Dataset extract: Begin

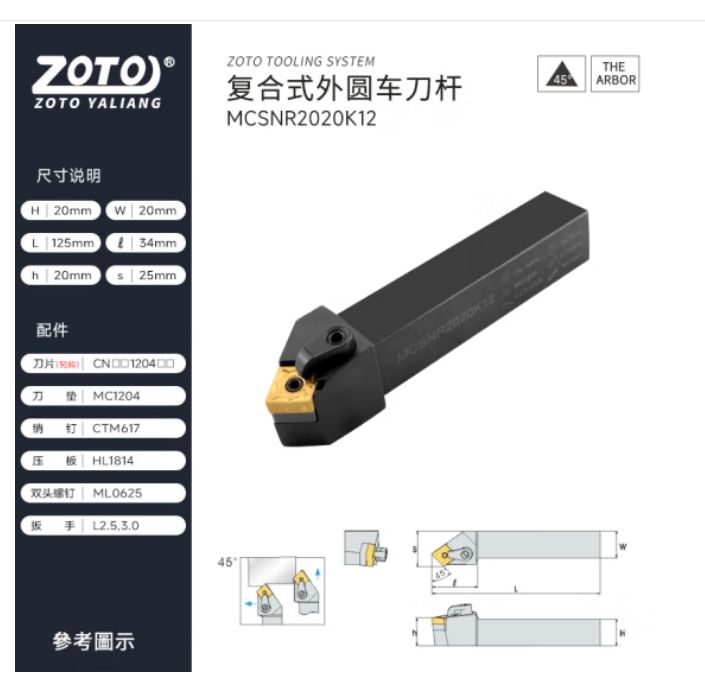 "ZOTO 数控刀杆 复合式外圆车刀杆 MCSNR2020K12(正刀)"商品可能已被商家删除,您可查看其他相似商品!
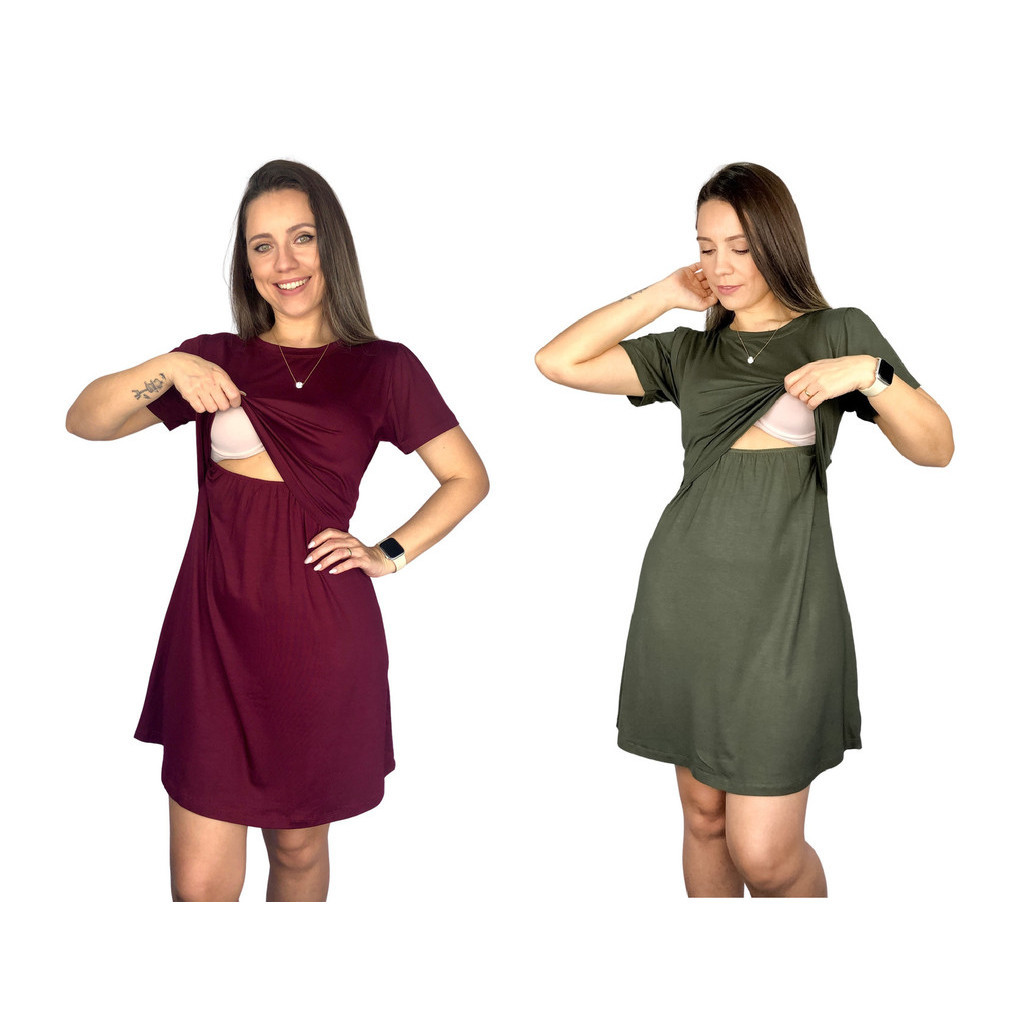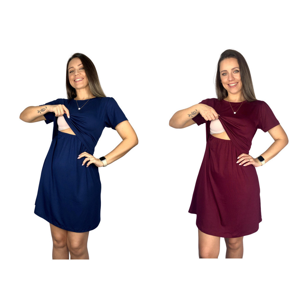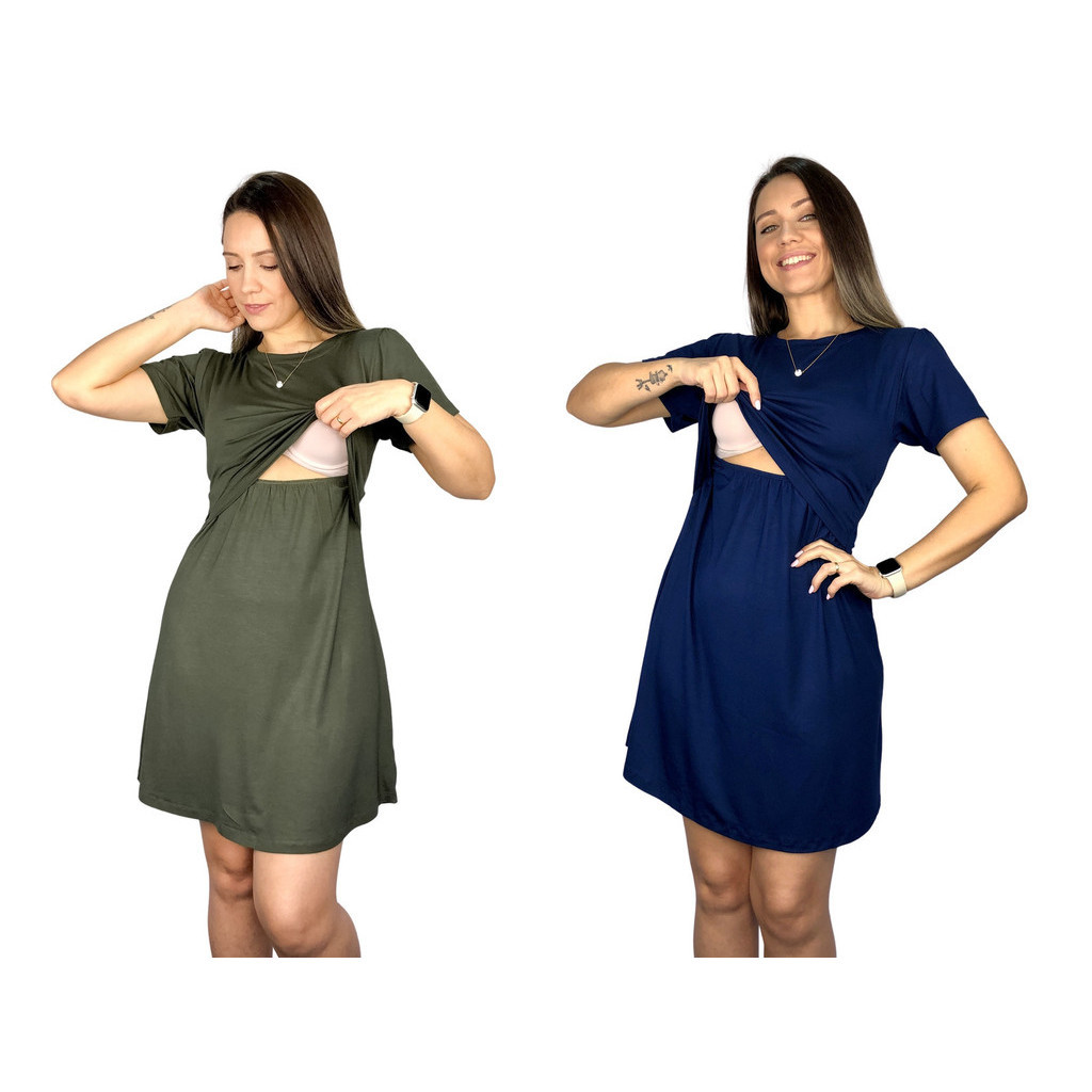 Kit 2 Vestido Amamentação Diversas Cores Premium Manga Curta Gestante Grávida Maternidade Amamentar
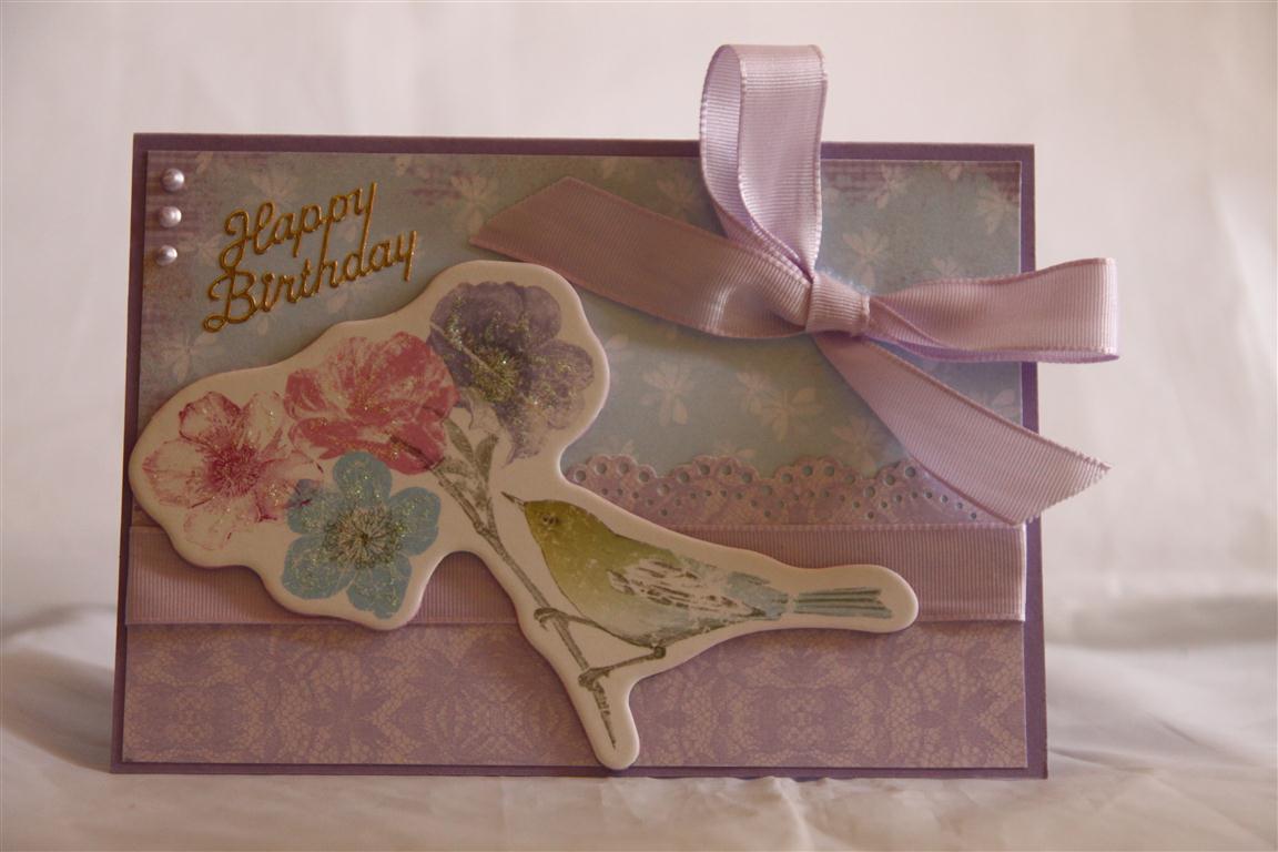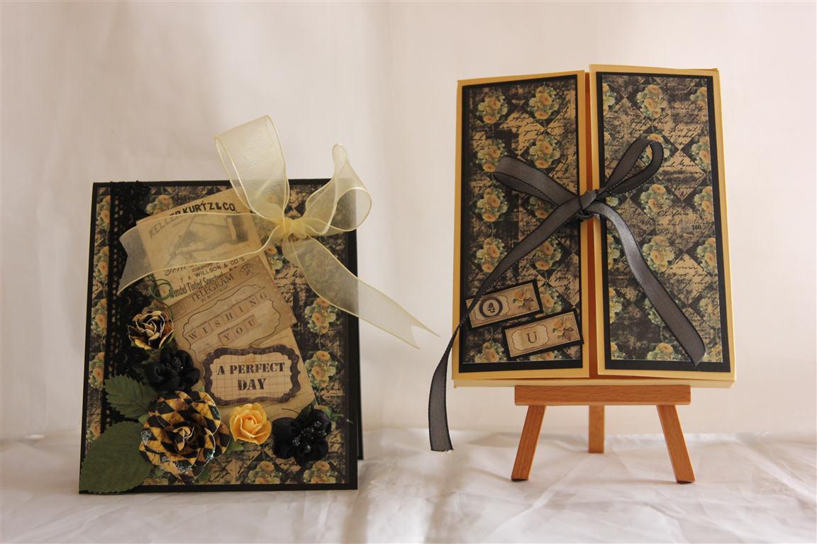 Here are the last two cards I made with prima Sun Kiss paper and chipboard pieces before I officially retired this collection! the bottom card uses the rest of the Prima bling ( I used bits of it on previous cards)and I punched a butterfly out of gold card with my Tim Holtz butterfly punch.Today i went into Forget-me-not florist at Hollywood plaza ( my local shopping centre) to buy flowers for Mum and Dads wedding anniversary, got talking to lovely lady there, and she is going to stock my cards!! I am off now to prepare a box for her, I will start off with a small amount and see how they go. Til tomorrow….
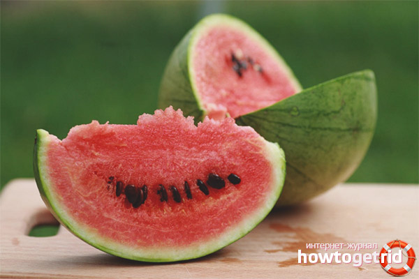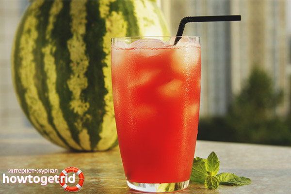 Contre les brûlures d'estomac et la lourdeur dans l'estomac ne fait pas de mal à boire une tasse de nectar de pastèque. Il doit être bu une demi-heure avant un repas ou dans les intervalles entre le petit-déjeuner et le déjeuner, le déjeuner et le dîner, par exemple, pour restaurer le corps des effets d'un repas copieux. Le jus réduit l'œdème, élimine les calculs rénaux, rétablit l'équilibre eau-sel, élimine la constipation et les dépôts de sel dans le squelette et économise les toxines pendant les cours de chimiothérapie.

Dataset extract: End

**What you will do**
Only an exact copy of the lines from the one with "Kit 2 Vestido" through the last line of the data above is wanted, and no pictures.

**Solution**
 Kit 2 Vestido Amamentação Diversas Cores Premium Manga Curta Gestante Grávida Maternidade Amamentar
 Here are the last two cards I made with prima Sun Kiss paper and chipboard pieces before I officially retired this collection! the bottom card uses the rest of the Prima bling ( I used bits of it on previous cards)and I punched a butterfly out of gold card with my Tim Holtz butterfly punch.Today i went into Forget-me-not florist at Hollywood plaza ( my local shopping centre) to buy flowers for Mum and Dads wedding anniversary, got talking to lovely lady there, and she is going to stock my cards!! I am off now to prepare a box for her, I will start off with a small amount and see how they go. Til tomorrow….
 Contre les brûlures d'estomac et la lourdeur dans l'estomac ne fait pas de mal à boire une tasse de nectar de pastèque. Il doit être bu une demi-heure avant un repas ou dans les intervalles entre le petit-déjeuner et le déjeuner, le déjeuner et le dîner, par exemple, pour restaurer le corps des effets d'un repas copieux. Le jus réduit l'œdème, élimine les calculs rénaux, rétablit l'équilibre eau-sel, élimine la constipation et les dépôts de sel dans le squelette et économise les toxines pendant les cours de chimiothérapie.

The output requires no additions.